# EXERCISE OBJECTIVE
Return only those lines of the listing that hold the word "large".

# RECORDS

----------

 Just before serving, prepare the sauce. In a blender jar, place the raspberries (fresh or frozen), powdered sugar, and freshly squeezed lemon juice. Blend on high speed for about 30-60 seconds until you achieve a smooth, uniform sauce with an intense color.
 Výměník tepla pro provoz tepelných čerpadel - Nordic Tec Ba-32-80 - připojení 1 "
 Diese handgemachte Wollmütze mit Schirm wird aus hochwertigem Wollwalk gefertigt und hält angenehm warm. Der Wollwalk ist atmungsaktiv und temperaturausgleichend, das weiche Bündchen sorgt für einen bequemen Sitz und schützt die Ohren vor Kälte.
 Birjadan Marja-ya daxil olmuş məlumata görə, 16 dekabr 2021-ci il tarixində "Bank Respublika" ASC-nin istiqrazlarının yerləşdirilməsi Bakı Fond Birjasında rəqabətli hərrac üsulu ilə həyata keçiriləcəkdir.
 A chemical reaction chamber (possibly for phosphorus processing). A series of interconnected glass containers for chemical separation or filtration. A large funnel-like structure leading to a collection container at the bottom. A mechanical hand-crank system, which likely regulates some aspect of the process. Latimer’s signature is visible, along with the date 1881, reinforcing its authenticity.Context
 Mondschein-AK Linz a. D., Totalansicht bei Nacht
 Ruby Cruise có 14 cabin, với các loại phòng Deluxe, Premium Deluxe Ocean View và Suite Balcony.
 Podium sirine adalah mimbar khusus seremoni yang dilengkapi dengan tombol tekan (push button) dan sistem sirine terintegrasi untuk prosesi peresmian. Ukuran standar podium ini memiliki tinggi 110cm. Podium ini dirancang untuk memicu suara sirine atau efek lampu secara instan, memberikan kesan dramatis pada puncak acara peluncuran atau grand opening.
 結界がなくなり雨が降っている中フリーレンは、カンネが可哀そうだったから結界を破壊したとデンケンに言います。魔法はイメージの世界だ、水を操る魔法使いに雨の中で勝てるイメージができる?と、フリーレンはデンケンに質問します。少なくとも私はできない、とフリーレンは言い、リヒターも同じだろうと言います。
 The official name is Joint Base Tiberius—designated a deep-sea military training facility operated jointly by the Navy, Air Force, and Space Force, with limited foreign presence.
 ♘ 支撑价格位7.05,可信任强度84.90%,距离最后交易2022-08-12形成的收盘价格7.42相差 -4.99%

----------

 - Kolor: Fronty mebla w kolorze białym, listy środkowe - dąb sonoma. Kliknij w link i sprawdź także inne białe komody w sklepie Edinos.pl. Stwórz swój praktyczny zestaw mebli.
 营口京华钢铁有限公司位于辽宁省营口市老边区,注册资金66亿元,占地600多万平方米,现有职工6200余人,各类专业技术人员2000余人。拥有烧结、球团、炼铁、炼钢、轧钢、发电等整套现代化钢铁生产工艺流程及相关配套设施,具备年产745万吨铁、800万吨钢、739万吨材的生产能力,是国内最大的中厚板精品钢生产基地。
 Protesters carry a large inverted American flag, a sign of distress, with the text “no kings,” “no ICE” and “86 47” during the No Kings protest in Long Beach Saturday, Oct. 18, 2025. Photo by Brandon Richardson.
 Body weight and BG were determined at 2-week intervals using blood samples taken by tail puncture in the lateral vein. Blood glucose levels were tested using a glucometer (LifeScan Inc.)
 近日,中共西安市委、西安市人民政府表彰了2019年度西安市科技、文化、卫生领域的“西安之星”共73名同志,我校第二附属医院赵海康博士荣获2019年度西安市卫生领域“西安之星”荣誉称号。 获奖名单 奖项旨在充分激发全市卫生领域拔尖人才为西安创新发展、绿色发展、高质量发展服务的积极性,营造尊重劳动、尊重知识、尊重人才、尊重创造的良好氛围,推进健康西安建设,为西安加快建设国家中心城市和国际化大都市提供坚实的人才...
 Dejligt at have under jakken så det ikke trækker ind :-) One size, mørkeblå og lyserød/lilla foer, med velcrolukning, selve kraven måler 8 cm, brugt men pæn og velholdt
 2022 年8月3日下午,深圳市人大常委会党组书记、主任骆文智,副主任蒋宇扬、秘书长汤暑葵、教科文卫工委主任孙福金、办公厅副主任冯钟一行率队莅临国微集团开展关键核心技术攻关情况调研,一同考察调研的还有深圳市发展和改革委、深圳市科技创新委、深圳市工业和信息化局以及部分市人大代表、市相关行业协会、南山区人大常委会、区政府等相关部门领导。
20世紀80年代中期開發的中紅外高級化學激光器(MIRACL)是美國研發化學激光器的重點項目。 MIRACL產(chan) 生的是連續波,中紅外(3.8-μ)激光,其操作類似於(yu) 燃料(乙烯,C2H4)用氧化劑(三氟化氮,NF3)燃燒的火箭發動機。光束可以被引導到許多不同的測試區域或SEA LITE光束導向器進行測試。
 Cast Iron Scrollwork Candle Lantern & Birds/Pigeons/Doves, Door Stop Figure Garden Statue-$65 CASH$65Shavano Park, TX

----------

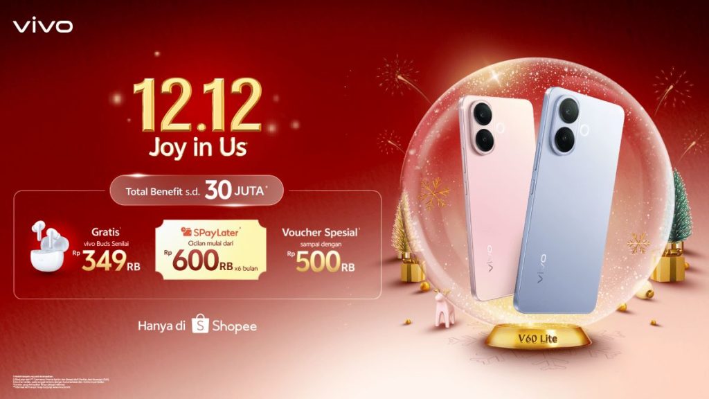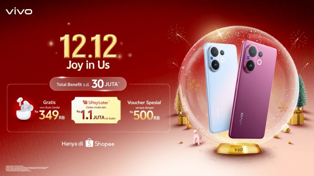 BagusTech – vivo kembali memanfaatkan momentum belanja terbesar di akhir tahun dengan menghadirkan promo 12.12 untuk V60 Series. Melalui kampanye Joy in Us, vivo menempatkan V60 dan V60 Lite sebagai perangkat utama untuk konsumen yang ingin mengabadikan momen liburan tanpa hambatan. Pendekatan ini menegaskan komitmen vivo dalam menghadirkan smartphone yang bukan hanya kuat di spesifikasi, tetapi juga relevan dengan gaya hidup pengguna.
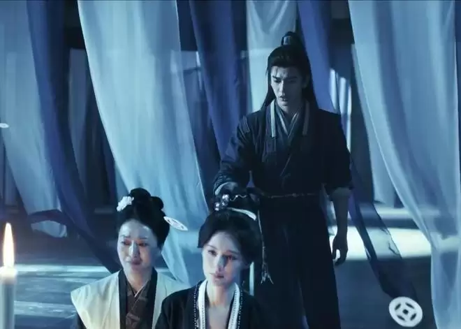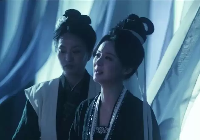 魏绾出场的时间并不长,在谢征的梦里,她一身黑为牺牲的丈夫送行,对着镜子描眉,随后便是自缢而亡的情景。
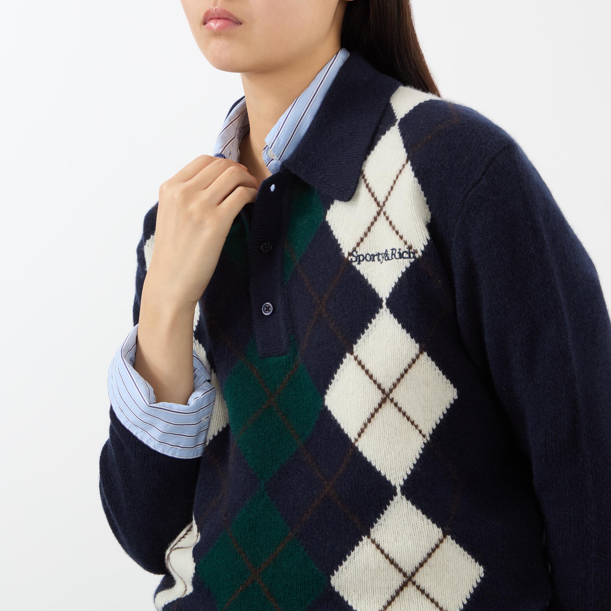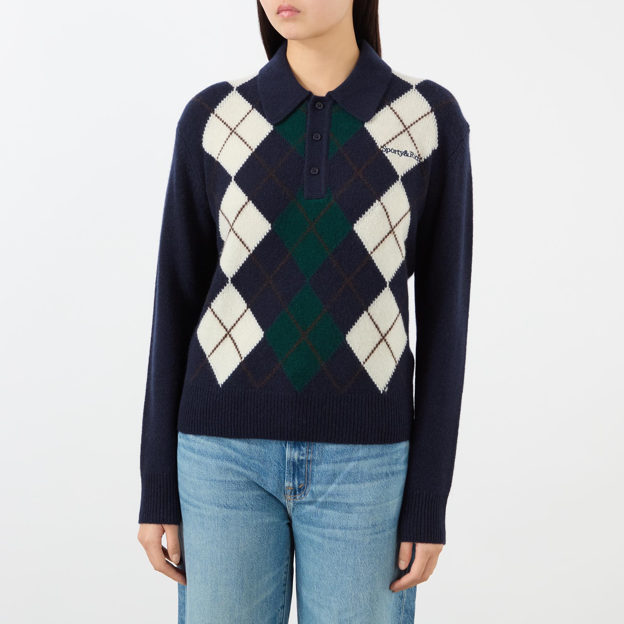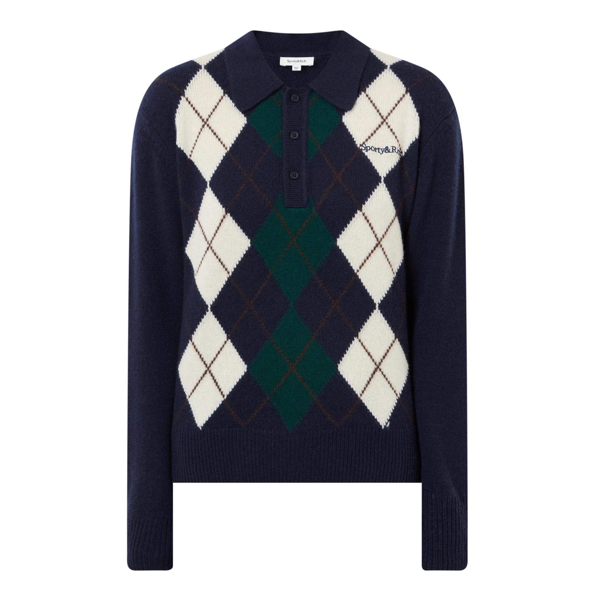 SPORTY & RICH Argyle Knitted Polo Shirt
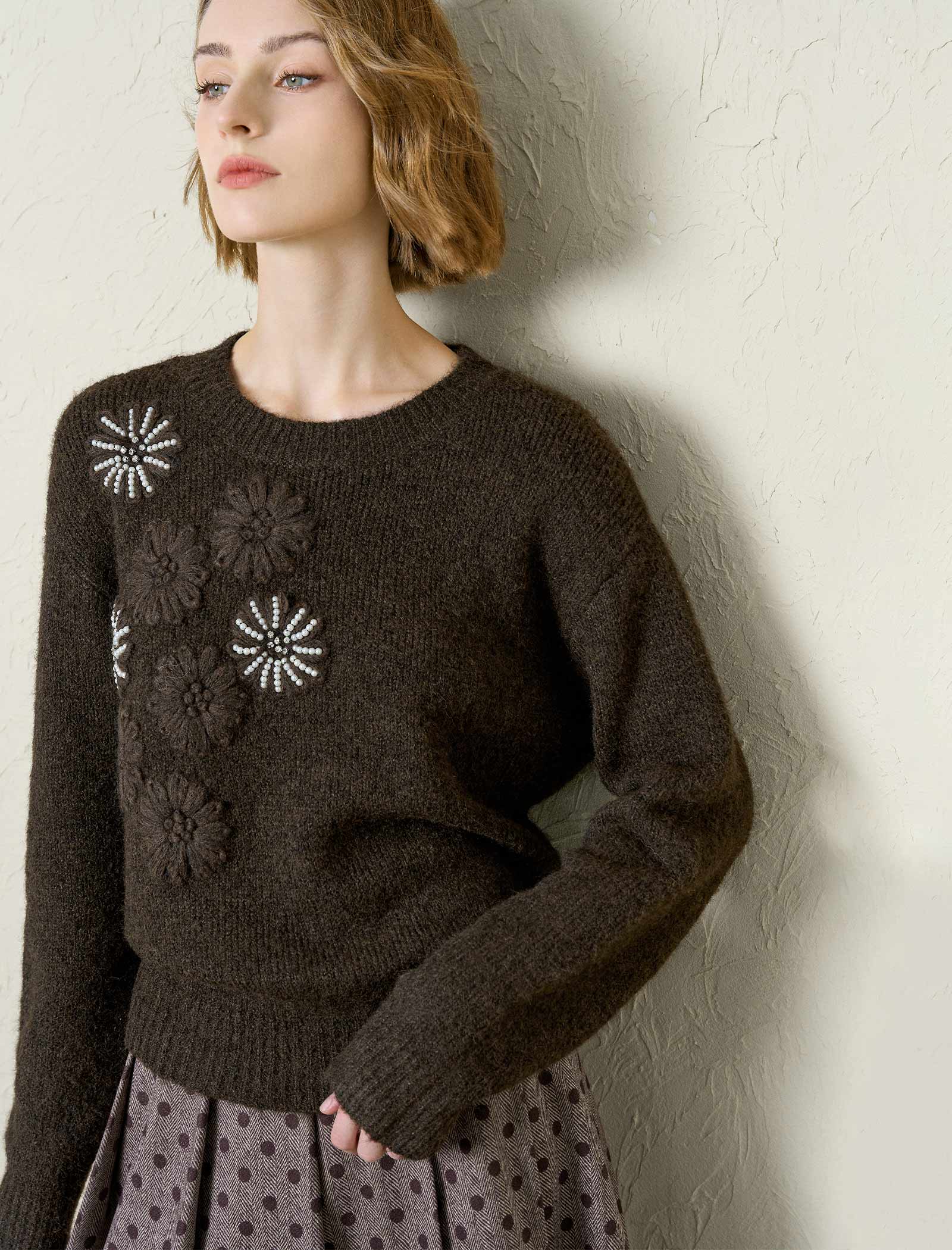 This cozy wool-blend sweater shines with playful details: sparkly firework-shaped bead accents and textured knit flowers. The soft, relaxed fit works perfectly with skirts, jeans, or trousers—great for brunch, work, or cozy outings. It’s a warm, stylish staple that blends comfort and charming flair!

----------

# SOLUTION
 A chemical reaction chamber (possibly for phosphorus processing). A series of interconnected glass containers for chemical separation or filtration. A large funnel-like structure leading to a collection container at the bottom. A mechanical hand-crank system, which likely regulates some aspect of the process. Latimer’s signature is visible, along with the date 1881, reinforcing its authenticity.Context
 Protesters carry a large inverted American flag, a sign of distress, with the text “no kings,” “no ICE” and “86 47” during the No Kings protest in Long Beach Saturday, Oct. 18, 2025. Photo by Brandon Richardson.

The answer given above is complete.